What to work on: Starting with the line that holds "Cuchillo enterizo fabricado" and stopping after the line that holds "短めの丈感は、ワイドパンツな", repeat the lines below word for word, without the pictures.

Supplied records:
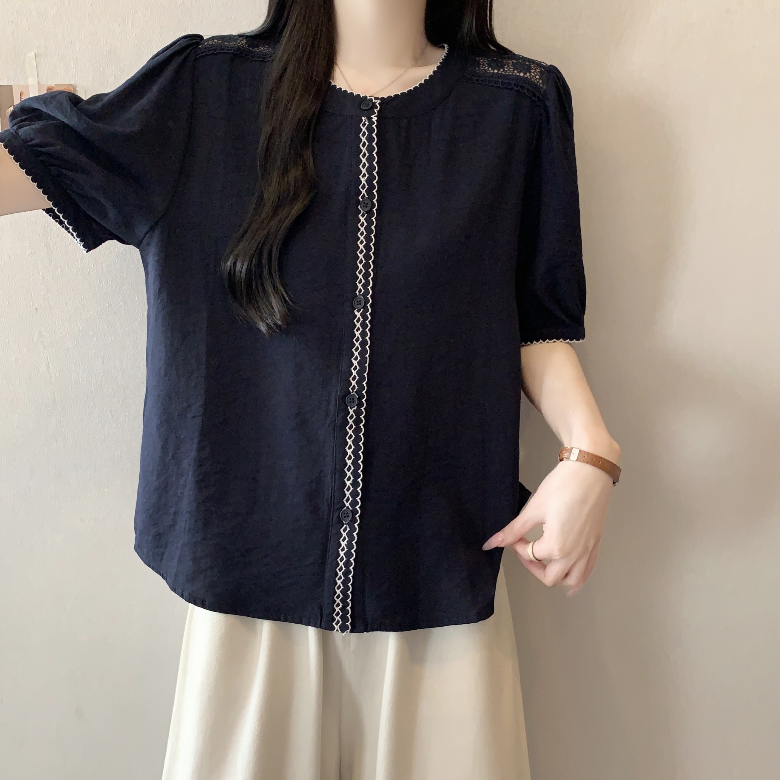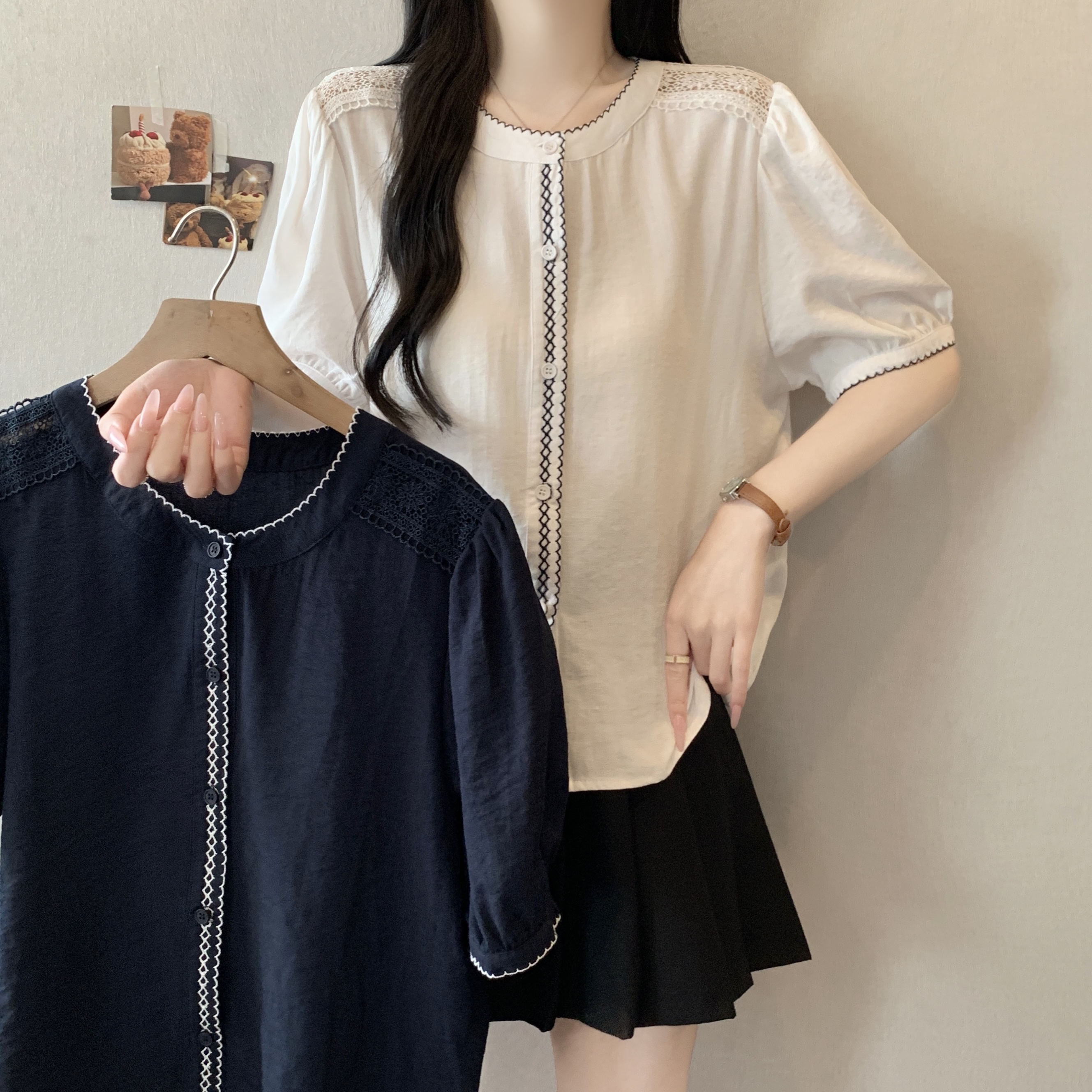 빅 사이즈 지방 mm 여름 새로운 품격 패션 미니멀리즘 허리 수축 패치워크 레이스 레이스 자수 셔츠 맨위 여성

---

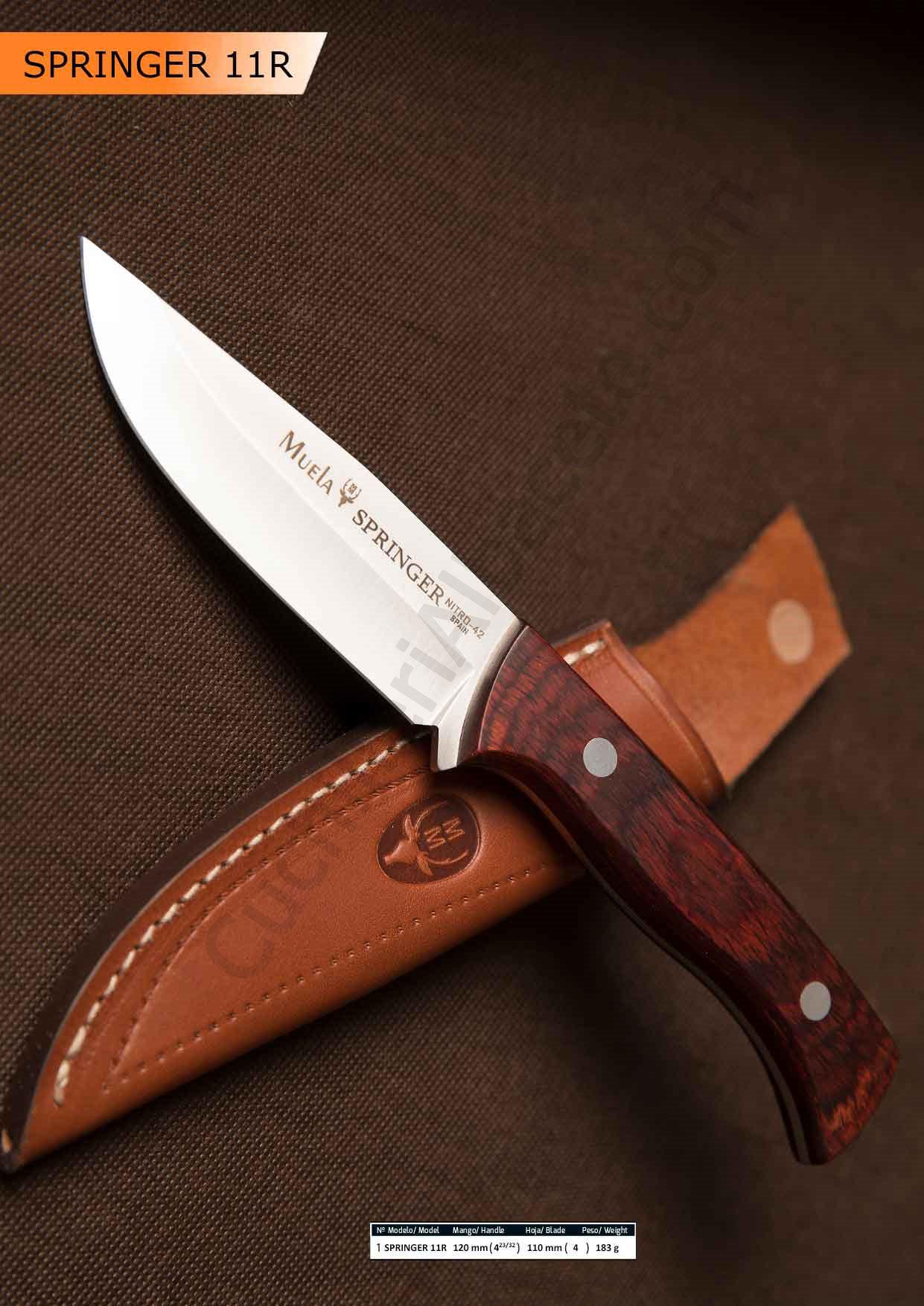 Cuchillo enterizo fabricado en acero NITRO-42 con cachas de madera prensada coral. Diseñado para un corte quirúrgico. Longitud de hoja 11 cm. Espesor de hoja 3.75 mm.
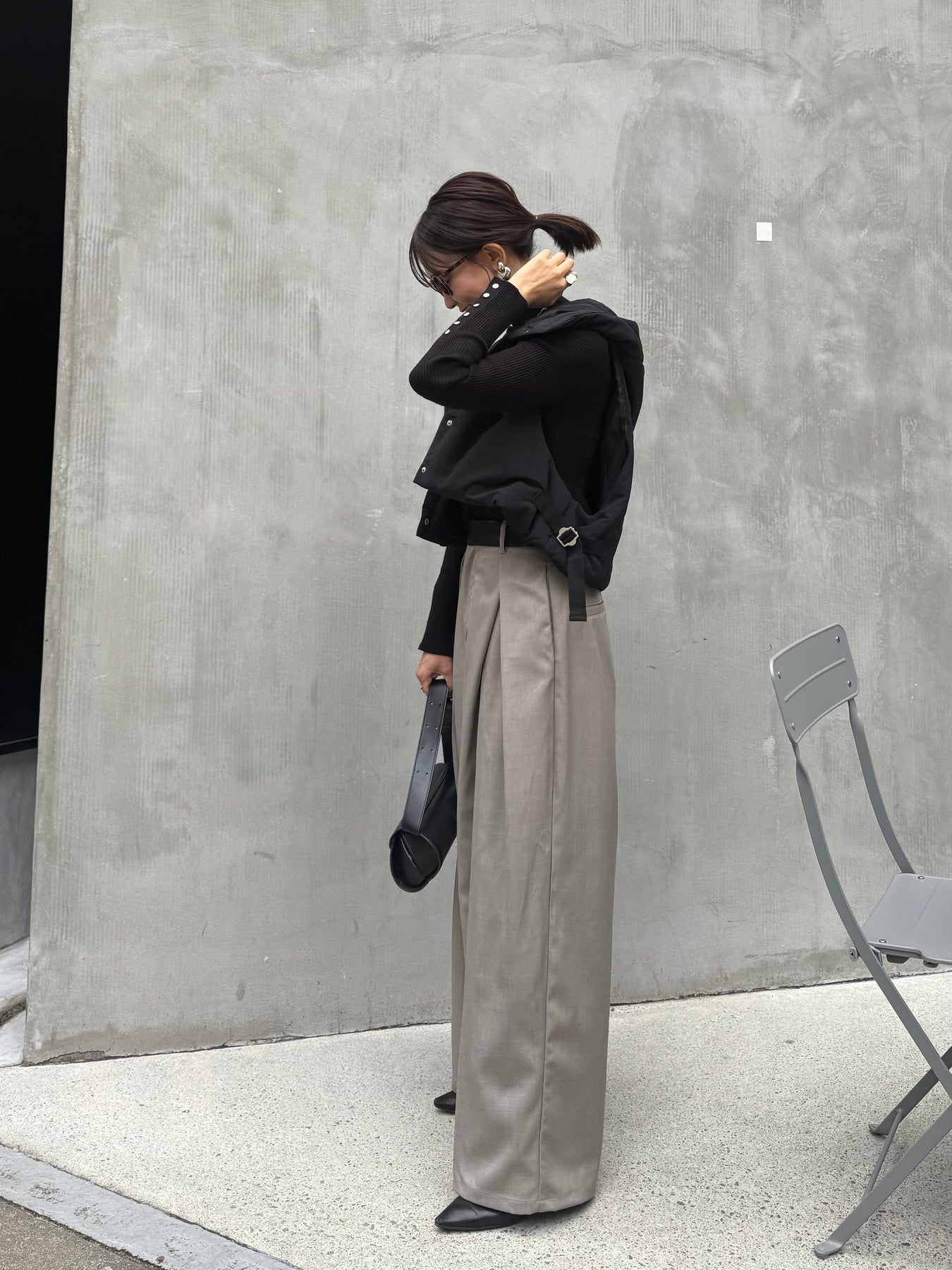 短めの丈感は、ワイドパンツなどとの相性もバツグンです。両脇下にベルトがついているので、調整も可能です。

---

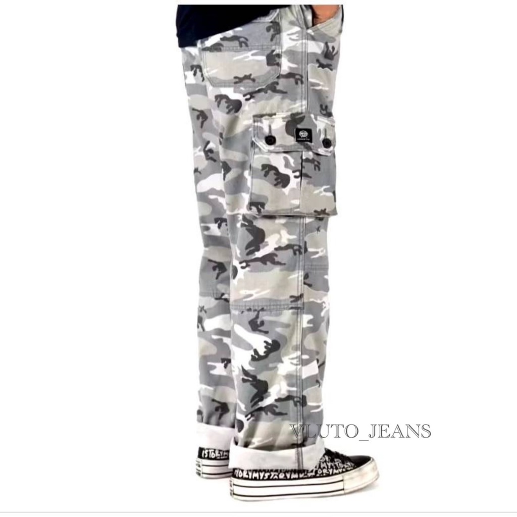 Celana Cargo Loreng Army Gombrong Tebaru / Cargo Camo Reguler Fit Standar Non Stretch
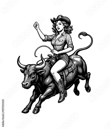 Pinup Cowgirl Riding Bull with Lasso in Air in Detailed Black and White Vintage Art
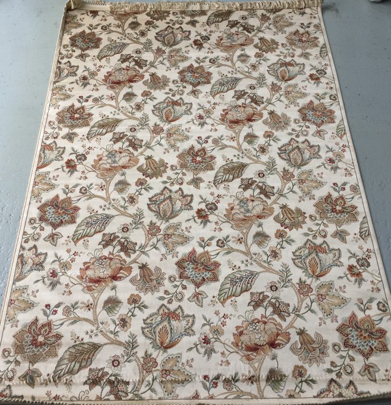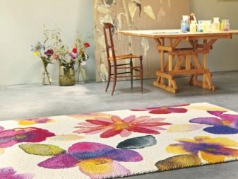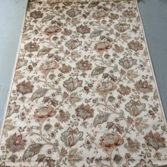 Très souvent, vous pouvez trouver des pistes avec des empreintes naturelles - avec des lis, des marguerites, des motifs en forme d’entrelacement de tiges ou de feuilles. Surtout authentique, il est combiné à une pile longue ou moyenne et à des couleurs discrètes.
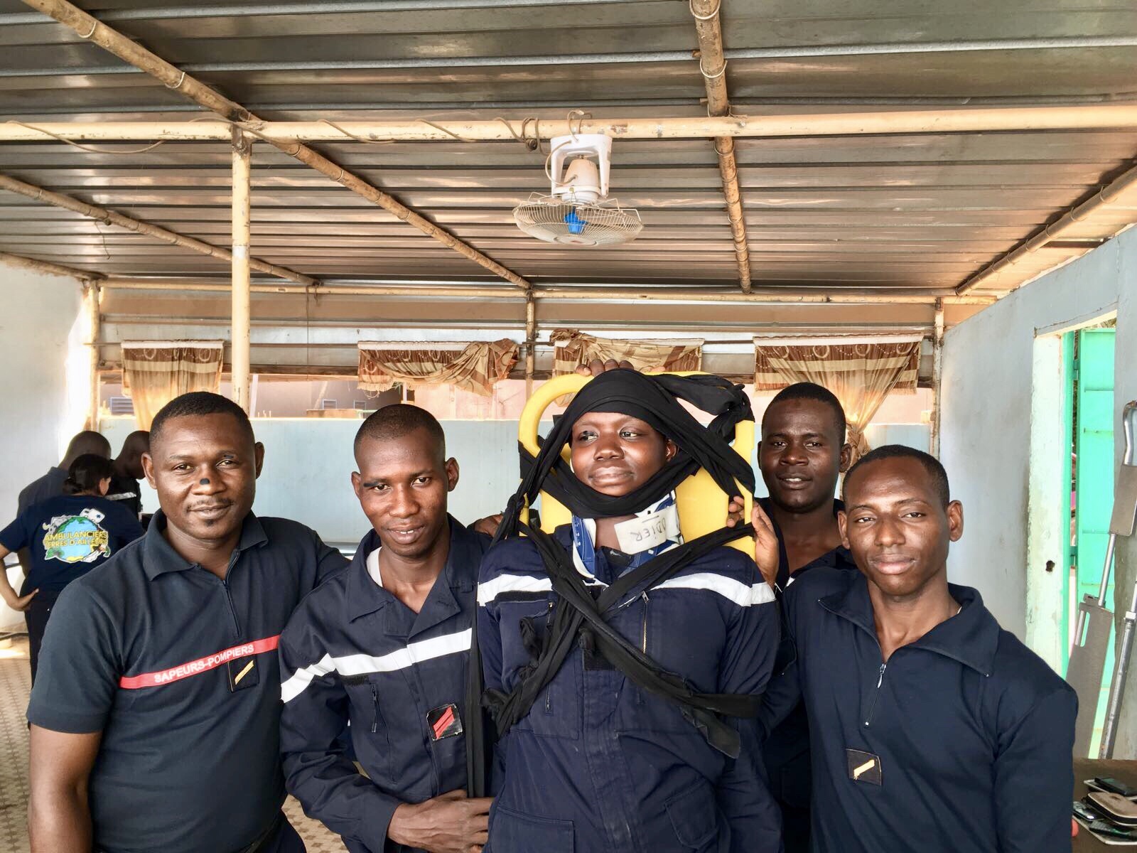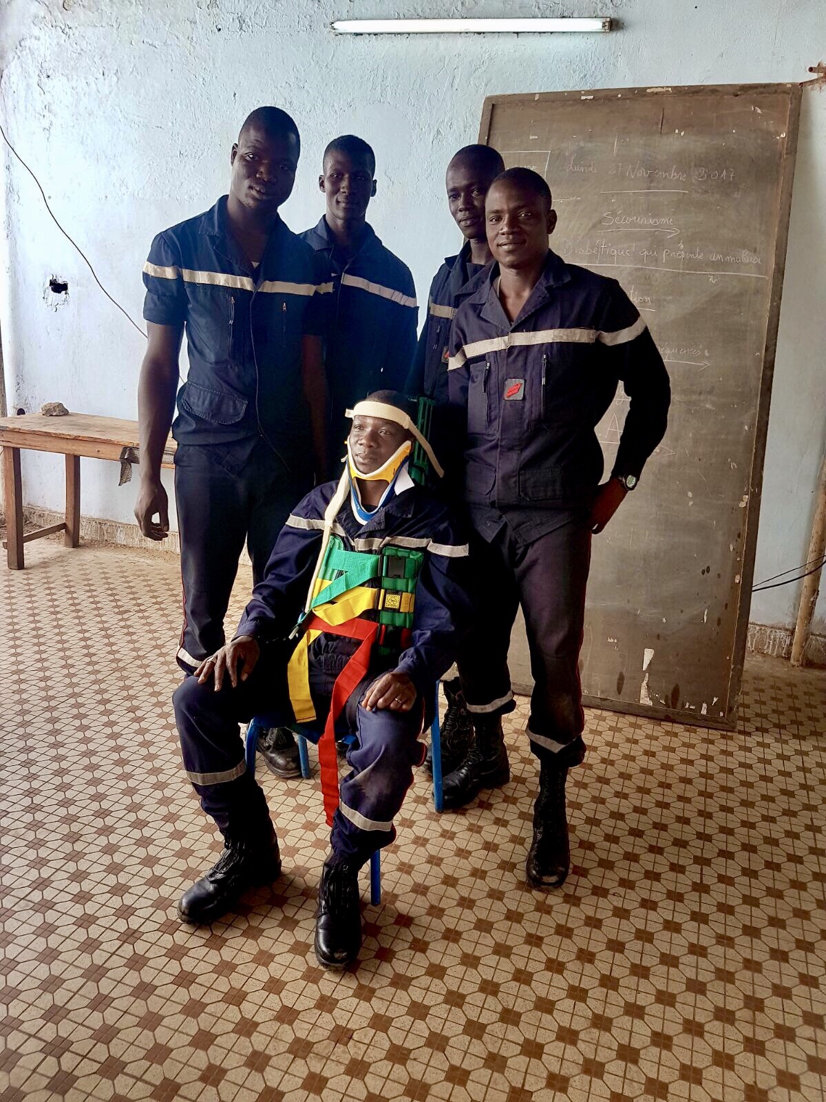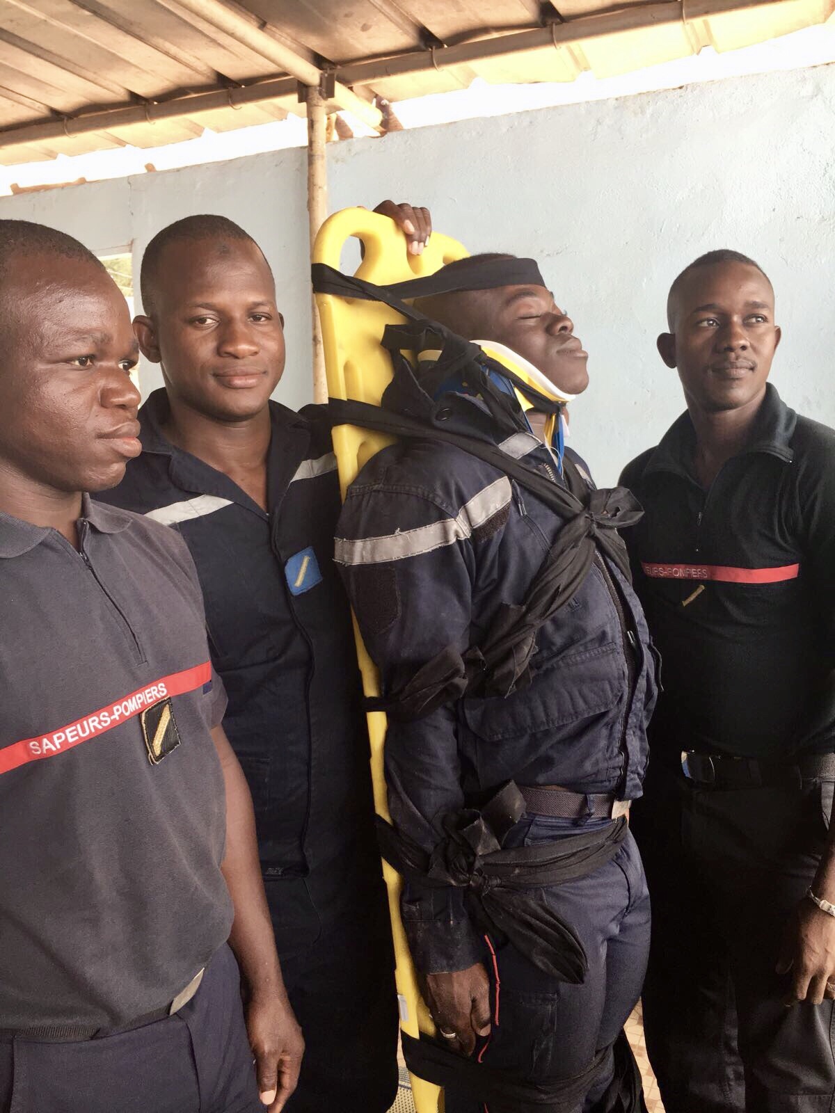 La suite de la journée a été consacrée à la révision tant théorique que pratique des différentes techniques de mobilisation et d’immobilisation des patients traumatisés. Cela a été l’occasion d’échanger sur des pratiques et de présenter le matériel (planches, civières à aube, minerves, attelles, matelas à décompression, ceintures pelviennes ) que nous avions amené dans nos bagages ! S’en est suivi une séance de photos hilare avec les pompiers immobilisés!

The completed task:
 Cuchillo enterizo fabricado en acero NITRO-42 con cachas de madera prensada coral. Diseñado para un corte quirúrgico. Longitud de hoja 11 cm. Espesor de hoja 3.75 mm.
 短めの丈感は、ワイドパンツなどとの相性もバツグンです。両脇下にベルトがついているので、調整も可能です。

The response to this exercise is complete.